***** Raw data
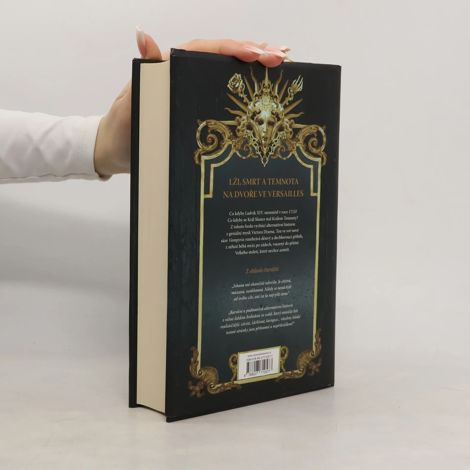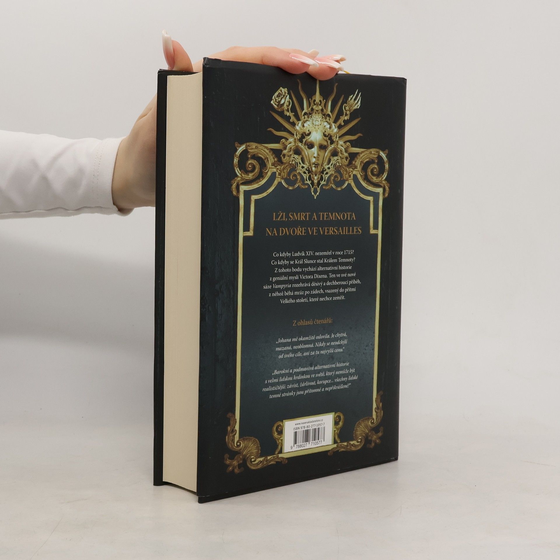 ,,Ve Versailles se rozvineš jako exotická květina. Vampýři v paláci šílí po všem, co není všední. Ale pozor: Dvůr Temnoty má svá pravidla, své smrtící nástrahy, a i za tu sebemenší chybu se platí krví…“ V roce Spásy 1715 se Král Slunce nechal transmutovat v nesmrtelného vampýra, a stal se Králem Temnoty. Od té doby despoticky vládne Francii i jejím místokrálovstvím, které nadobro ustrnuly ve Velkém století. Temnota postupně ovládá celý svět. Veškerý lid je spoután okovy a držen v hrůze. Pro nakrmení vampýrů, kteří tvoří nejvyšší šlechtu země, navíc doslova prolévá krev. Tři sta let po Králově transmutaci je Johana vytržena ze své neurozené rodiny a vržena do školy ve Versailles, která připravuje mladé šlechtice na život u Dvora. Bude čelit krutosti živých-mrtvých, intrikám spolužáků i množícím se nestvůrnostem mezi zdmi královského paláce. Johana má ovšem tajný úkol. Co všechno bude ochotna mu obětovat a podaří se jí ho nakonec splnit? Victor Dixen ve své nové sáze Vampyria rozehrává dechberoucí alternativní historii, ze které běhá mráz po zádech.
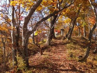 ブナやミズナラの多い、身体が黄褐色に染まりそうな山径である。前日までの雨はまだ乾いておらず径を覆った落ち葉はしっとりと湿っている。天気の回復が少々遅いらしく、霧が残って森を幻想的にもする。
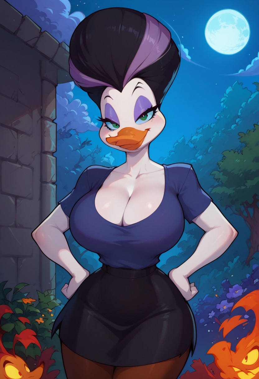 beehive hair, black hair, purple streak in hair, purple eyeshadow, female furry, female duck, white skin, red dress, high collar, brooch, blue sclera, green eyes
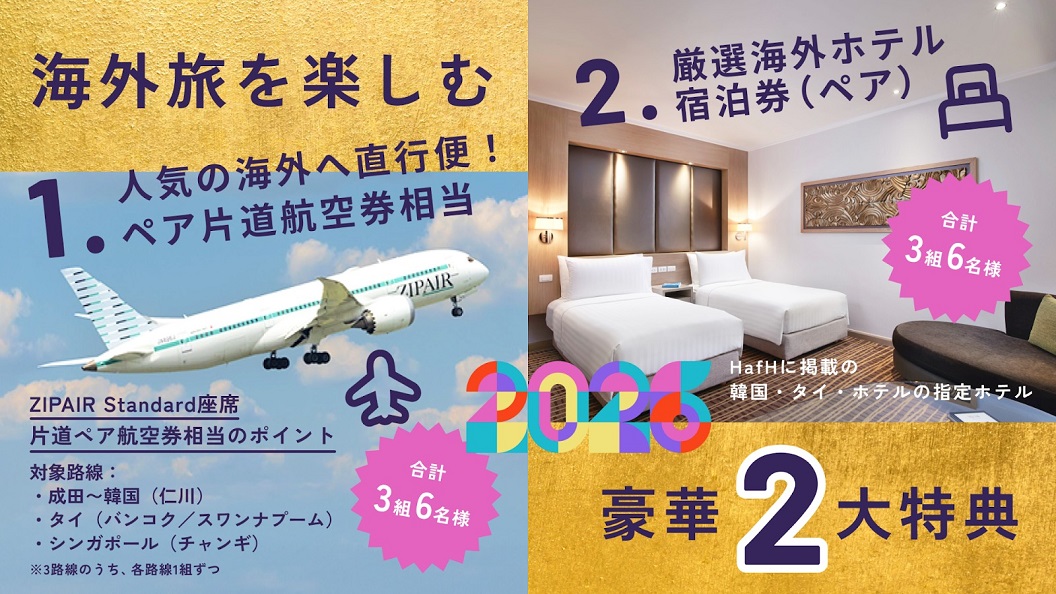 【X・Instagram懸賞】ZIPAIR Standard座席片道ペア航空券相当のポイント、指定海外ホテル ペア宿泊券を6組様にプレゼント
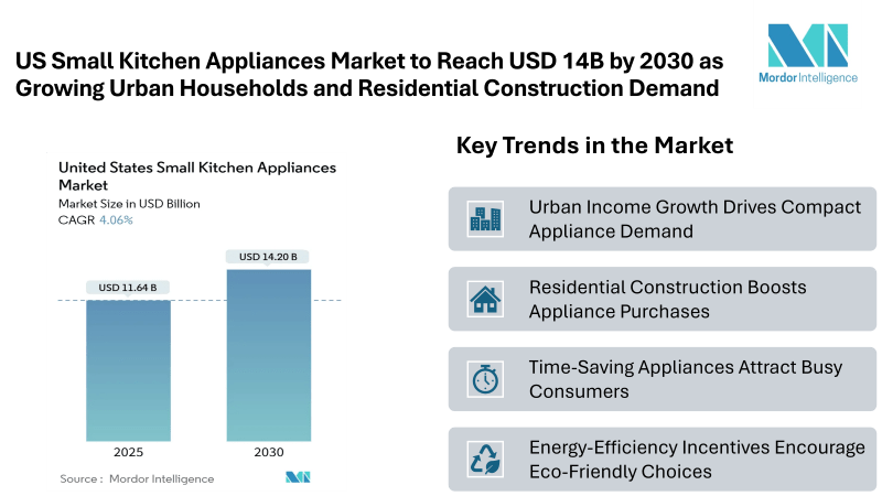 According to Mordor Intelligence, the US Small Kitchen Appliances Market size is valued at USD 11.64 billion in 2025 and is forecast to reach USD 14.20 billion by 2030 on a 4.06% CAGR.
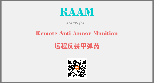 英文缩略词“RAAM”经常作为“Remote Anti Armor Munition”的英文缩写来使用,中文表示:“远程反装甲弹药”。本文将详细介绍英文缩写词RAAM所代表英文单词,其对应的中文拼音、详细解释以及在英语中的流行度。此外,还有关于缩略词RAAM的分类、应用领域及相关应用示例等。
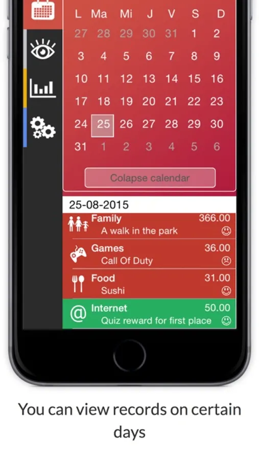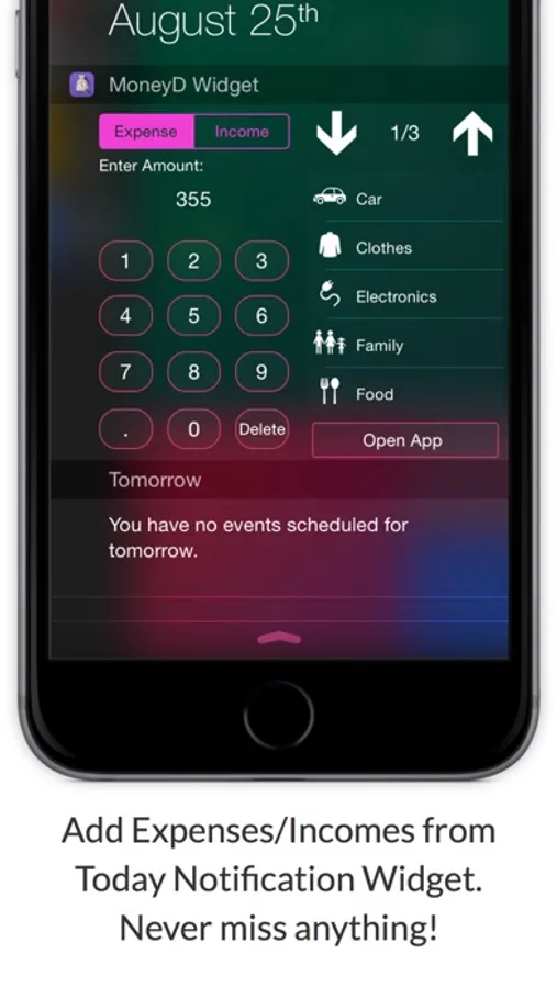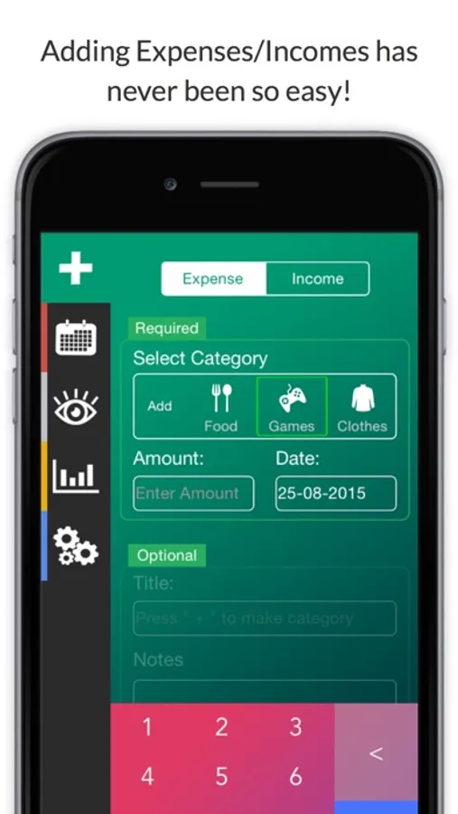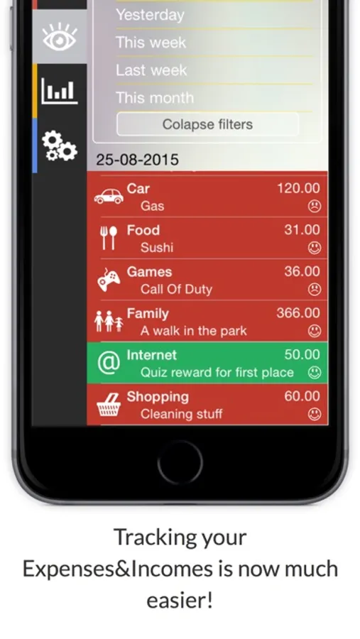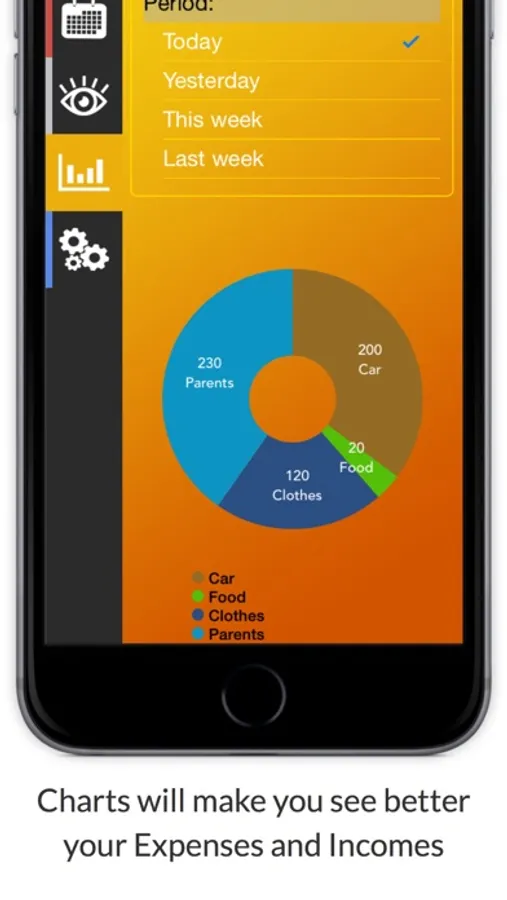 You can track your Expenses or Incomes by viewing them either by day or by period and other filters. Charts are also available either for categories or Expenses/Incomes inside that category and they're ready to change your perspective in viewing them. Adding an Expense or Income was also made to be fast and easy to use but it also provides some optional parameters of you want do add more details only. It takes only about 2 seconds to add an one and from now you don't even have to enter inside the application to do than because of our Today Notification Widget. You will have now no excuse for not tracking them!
**********
• What the exercise asks
Your reply should be the lines of the records from the start through the line with "According to Mordor Intelligence, the US Small Kitchen", copied word for word, pictures omitted.

• Answer section
 ,,Ve Versailles se rozvineš jako exotická květina. Vampýři v paláci šílí po všem, co není všední. Ale pozor: Dvůr Temnoty má svá pravidla, své smrtící nástrahy, a i za tu sebemenší chybu se platí krví…“ V roce Spásy 1715 se Král Slunce nechal transmutovat v nesmrtelného vampýra, a stal se Králem Temnoty. Od té doby despoticky vládne Francii i jejím místokrálovstvím, které nadobro ustrnuly ve Velkém století. Temnota postupně ovládá celý svět. Veškerý lid je spoután okovy a držen v hrůze. Pro nakrmení vampýrů, kteří tvoří nejvyšší šlechtu země, navíc doslova prolévá krev. Tři sta let po Králově transmutaci je Johana vytržena ze své neurozené rodiny a vržena do školy ve Versailles, která připravuje mladé šlechtice na život u Dvora. Bude čelit krutosti živých-mrtvých, intrikám spolužáků i množícím se nestvůrnostem mezi zdmi královského paláce. Johana má ovšem tajný úkol. Co všechno bude ochotna mu obětovat a podaří se jí ho nakonec splnit? Victor Dixen ve své nové sáze Vampyria rozehrává dechberoucí alternativní historii, ze které běhá mráz po zádech.
 ブナやミズナラの多い、身体が黄褐色に染まりそうな山径である。前日までの雨はまだ乾いておらず径を覆った落ち葉はしっとりと湿っている。天気の回復が少々遅いらしく、霧が残って森を幻想的にもする。
 beehive hair, black hair, purple streak in hair, purple eyeshadow, female furry, female duck, white skin, red dress, high collar, brooch, blue sclera, green eyes
 【X・Instagram懸賞】ZIPAIR Standard座席片道ペア航空券相当のポイント、指定海外ホテル ペア宿泊券を6組様にプレゼント
 According to Mordor Intelligence, the US Small Kitchen Appliances Market size is valued at USD 11.64 billion in 2025 and is forecast to reach USD 14.20 billion by 2030 on a 4.06% CAGR.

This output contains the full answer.